### SUPPLIED DATA
-- Opening Marker --
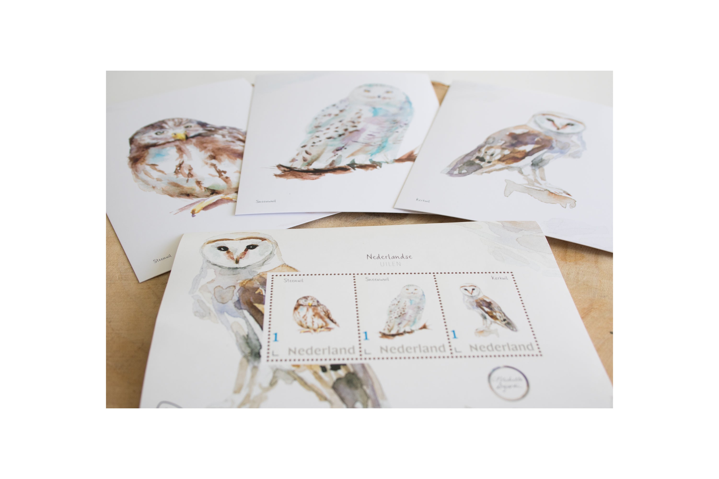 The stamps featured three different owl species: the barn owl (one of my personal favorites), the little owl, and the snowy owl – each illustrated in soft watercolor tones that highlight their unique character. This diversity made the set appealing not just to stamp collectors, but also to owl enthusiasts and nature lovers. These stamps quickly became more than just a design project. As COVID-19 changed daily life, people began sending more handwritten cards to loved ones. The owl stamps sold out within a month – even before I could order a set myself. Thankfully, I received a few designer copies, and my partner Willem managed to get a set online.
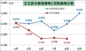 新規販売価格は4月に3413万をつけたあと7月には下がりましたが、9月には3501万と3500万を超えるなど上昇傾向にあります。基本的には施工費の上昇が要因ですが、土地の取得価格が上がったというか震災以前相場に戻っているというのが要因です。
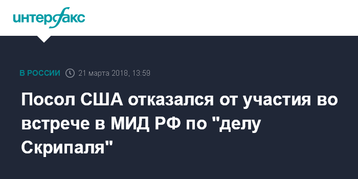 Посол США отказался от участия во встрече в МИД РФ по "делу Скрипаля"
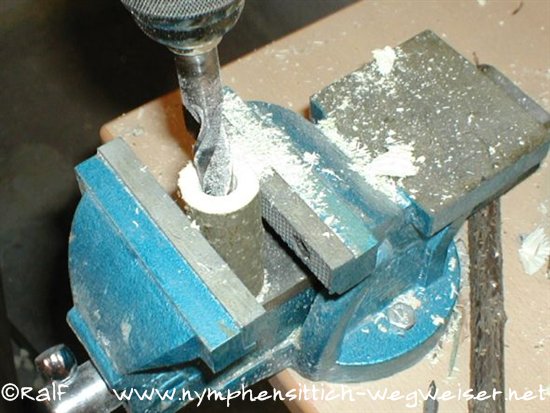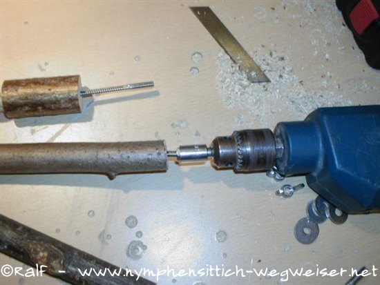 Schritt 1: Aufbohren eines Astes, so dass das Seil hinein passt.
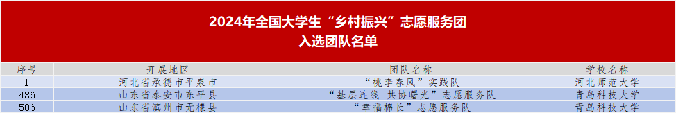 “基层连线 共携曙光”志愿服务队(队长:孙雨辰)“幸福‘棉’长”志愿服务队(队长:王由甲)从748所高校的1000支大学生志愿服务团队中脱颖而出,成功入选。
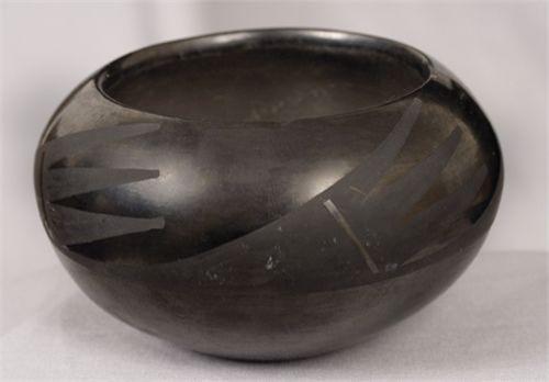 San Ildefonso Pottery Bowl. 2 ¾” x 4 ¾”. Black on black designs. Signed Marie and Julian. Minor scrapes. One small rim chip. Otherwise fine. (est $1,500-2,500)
-- Closing Marker --
### TASK STATEMENT
Give the entries above again in full and exactly, but not the pictures.

### WRITTEN REPLY
 The stamps featured three different owl species: the barn owl (one of my personal favorites), the little owl, and the snowy owl – each illustrated in soft watercolor tones that highlight their unique character. This diversity made the set appealing not just to stamp collectors, but also to owl enthusiasts and nature lovers. These stamps quickly became more than just a design project. As COVID-19 changed daily life, people began sending more handwritten cards to loved ones. The owl stamps sold out within a month – even before I could order a set myself. Thankfully, I received a few designer copies, and my partner Willem managed to get a set online.
 新規販売価格は4月に3413万をつけたあと7月には下がりましたが、9月には3501万と3500万を超えるなど上昇傾向にあります。基本的には施工費の上昇が要因ですが、土地の取得価格が上がったというか震災以前相場に戻っているというのが要因です。
 Посол США отказался от участия во встрече в МИД РФ по "делу Скрипаля"
 Schritt 1: Aufbohren eines Astes, so dass das Seil hinein passt.
 “基层连线 共携曙光”志愿服务队(队长:孙雨辰)“幸福‘棉’长”志愿服务队(队长:王由甲)从748所高校的1000支大学生志愿服务团队中脱颖而出,成功入选。
 San Ildefonso Pottery Bowl. 2 ¾” x 4 ¾”. Black on black designs. Signed Marie and Julian. Minor scrapes. One small rim chip. Otherwise fine. (est $1,500-2,500)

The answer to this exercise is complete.